Values refer to activated (CD3⁻CD56⁺CD69⁺) NK cells as a percentage of total CD3⁻CD56⁺ NK cells.

^‡

Values refer to CD3⁻CD56⁺^brght/^dim cells as a percentage of total CD3⁻CD56⁺ NK cells.

^§

Values refer to activated dim/bright (CD3⁻CD56⁺^bright/^dimCD69⁺) NK cells as percentage of CD3⁻CD56⁺ bright or dim cells. All values represent mean^± standard error and were compared using the nonparametric signed-rank test. PEG-IFN, pegylated interferon; HCV, hepatitis C virus; NR, nonresponder; SVR, sustained virological responder

CD3⁻CD56^+bright and CD3⁻CD56^+dim subsets.

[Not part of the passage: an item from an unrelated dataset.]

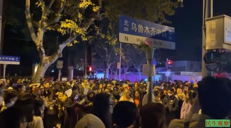 《乌鲁木齐中路》记录片中年青人的吼声:“取消健康码!要艺术不要封闭!还我人权!公开死亡人数!不要欺骗人民!言论自由!新闻自由!要尊严,要自由!平反六四!中华民族到了最危险的时候!打倒独裁国贼!要自由,不要共产党!不要独裁要民主!习近平下台!共产党下台!不做奴才做公民!权力属于人民!独裁可耻!我们要选票!我要做公民!…警察为人民服务,为什么站在人民对立面?!”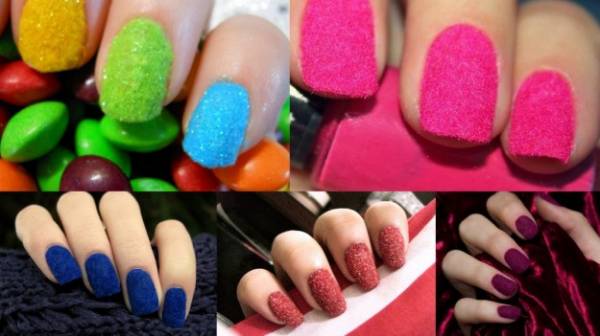 Ярых противниц гелей для ногтей, считающих, что они портят ногтевую структуру, обрадует лак для ногтей, который носит название «песочный». Он идеально подойдет для создания «сахарного маникюра», так как в его составе содержатся мелкие силиконовые частички различного размера. За счет них создается «эффект песка» на поверхности ногтя. Часто в составе присутствуют блестки, делающие маникюр праздничным и сияющим.

We then evaluated the relative differences in the percentage of bright (CD3⁻CD56^+bright) and dim (CD3⁻CD56^+dim) NK cells as a percentage of all NK cells in all groups. In the HCV-infected patients, the percentage of bright (CD3⁻CD56^+bright) NK cells was significantly greater than in healthy controls both in the absence (20·1 ± 3·5 versus 8·4 ± 1·1, P = 0·004) and in the presence (25·2 ± 3·8 versus 12·0 ± 1·8, P = 0·006) of IFN stimulation (Fig. 1). CD56 geometric mean fluorescence was also increased in HCV-infected patients (data not shown). IFN-α significantly increased bright (CD3⁻CD56^+bright) NK cells in all patient groups and controls (Table 2). Dim (CD3⁻CD56^+dim) NK cells, which comprise the dominant subset in all groups, were reduced in HCV-infected patients compared to controls both in the absence (79·9 ± 3·5 versus 91·6 ± 1·1, P = 0·004) and in the presence (74·8 ± 3·8 versus 88·0 ± 1·8, P = 0·006) of IFN. IFN treatment reduced the mean percentage of dim (CD3⁻CD56^+dim) NK cells in all groups proportionately. Thus, the overall effect of PEG-IFN-α-2b treatment in HCV-infected patients was to increase the percentage of bright (CD3⁻CD56^+bright) NK cells (P = 0·001), which was associated with a small decrease in the percentage of dim (CD3⁻CD56^+dim) NK cells (P = 0·001).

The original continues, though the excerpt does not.